You could also say that a cloud of cliche is not just an aesthetic failing; it can also be a place to hide. Auster’s work – across 40-odd volumes of fiction, nonfiction, poetry – teeters bewilderingly between the higher evasiveness (a serious attempt to render the mediated nature of the postmodern self) and the lower evasiveness (bluster, boilerplate, banality). Now you see him, now you only think you do.

That Auster’s first published novel was a pseudonymous thriller is significant. All his life, he was a hermit crab, occupying the discarded shells of popular fiction – yet another place to hide. His novels are full of detectives, actual and metaphorical; they tend not to find out very much. The New York Trilogy parodies the detective story by sending its murder mystery plots down rabbitholes of epistemological ambiguity. Oracle Night riffs on Dashiell Hammett’s parable, in The Maltese Falcon (1930), about Flitcraft, the man who walks out of his successful life when a near miss with a falling girder shows him the randomness underlying everything.
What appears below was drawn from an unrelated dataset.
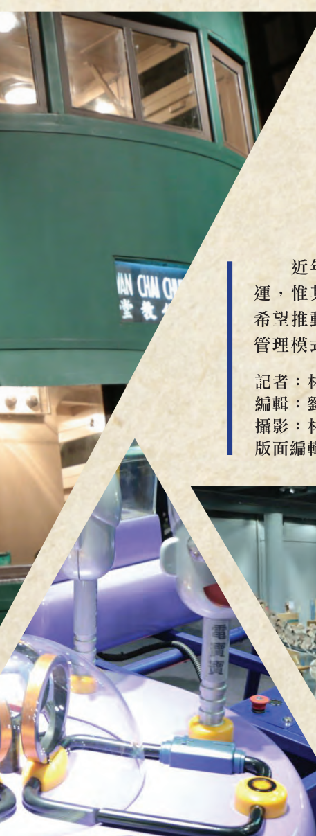
鏡子世界 World of Mirrors

記者：林藹琦 黃姿慧 梁中勝 陳偉城 呂穎嫻 編輯：劉穎芯 高樂瑤 梁穎彤 李詩慧 攝影：林藹琦 梁中勝 呂穎嫻 版面編輯：余穎恒

Auster infiltrated the locked room of genre storytelling – all plot details sealed up tight – with serious questions about how we know what we know, how we assemble the tiles of our own mosaics of meaning, how stories shape our lives without our noticing. At the same time, he was the exemplary magician, directing your attention away from the serious questions he wasn’t asking – or answering.

Twenty years ago, The New York Trilogy looked like a fairly safe bet for canonical status. But literary fashion has moved on. (Another lightning strike.) For interested parties, Auster’s best, and most representative, book is probably Leviathan. Its opening sentence (“Six days ago, a man blew himself up by the side of a road in northern Wisconsin”) ushers you superbly into Auster’s world of accident and memory. After that, as Auster’s various narrators will certainly remind you, you are, like the rest of us, on your own.

Kevin Power is a novelist, critic and assistant professor of creative writing at Trinity College Dublin.